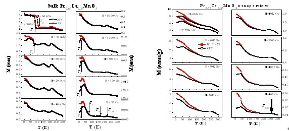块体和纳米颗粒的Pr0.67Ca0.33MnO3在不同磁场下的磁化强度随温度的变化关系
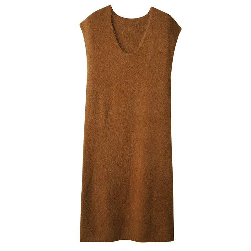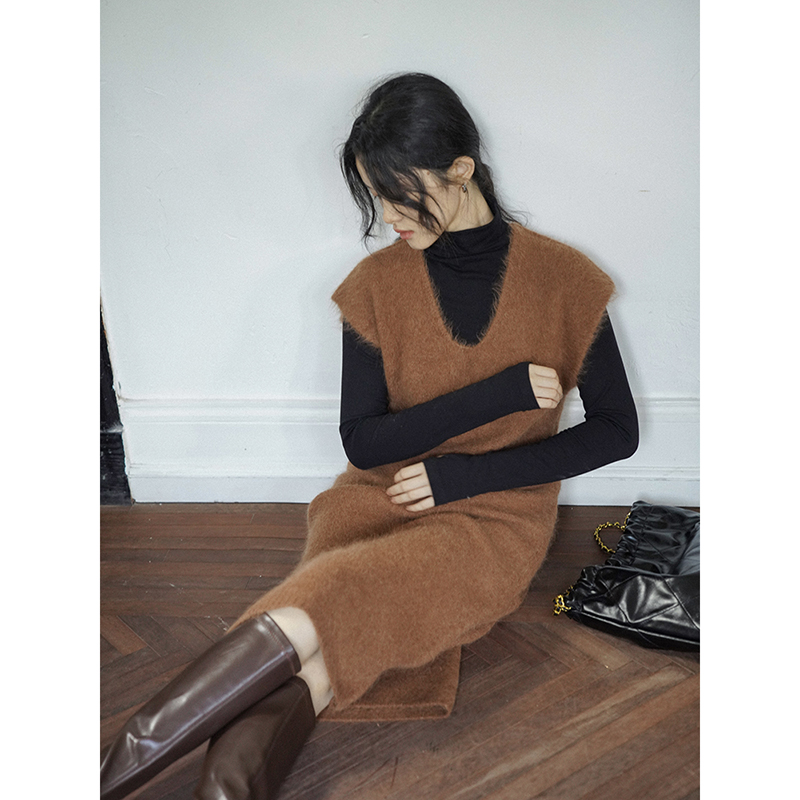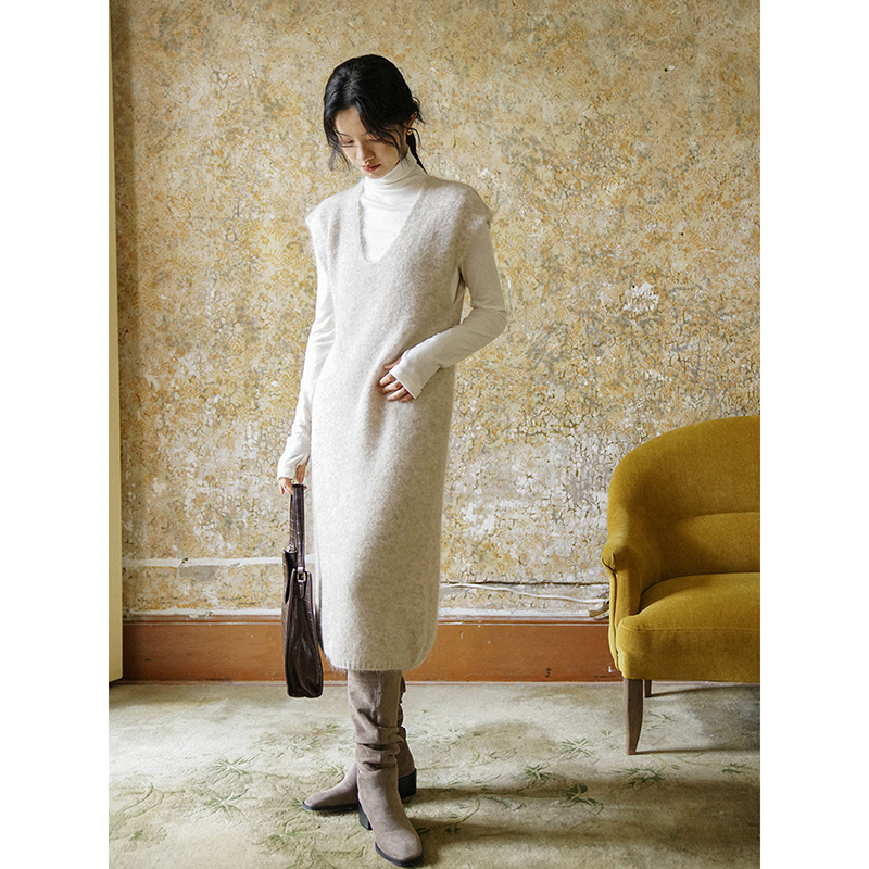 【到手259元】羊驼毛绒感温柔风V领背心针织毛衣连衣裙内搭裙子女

★ ★ ★

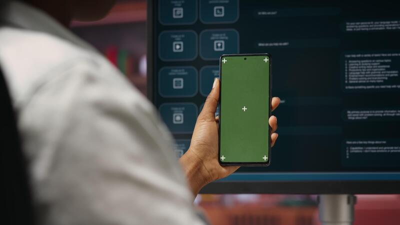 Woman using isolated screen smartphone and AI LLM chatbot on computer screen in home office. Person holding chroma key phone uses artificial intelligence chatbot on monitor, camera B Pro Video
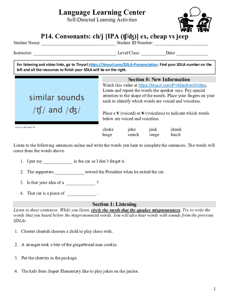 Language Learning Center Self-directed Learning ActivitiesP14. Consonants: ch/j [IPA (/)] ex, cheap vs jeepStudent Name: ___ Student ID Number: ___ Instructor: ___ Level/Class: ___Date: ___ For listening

★ ★ ★

→ **Your task**
Exactly the lines starting at the one above with "Woman using isolated" and ending at the one with "Language Learning Center" should be printed, and nothing else. Omit the pictures.

→ **Task answer**
 Woman using isolated screen smartphone and AI LLM chatbot on computer screen in home office. Person holding chroma key phone uses artificial intelligence chatbot on monitor, camera B Pro Video
 Language Learning Center Self-directed Learning ActivitiesP14. Consonants: ch/j [IPA (/)] ex, cheap vs jeepStudent Name: ___ Student ID Number: ___ Instructor: ___ Level/Class: ___Date: ___ For listening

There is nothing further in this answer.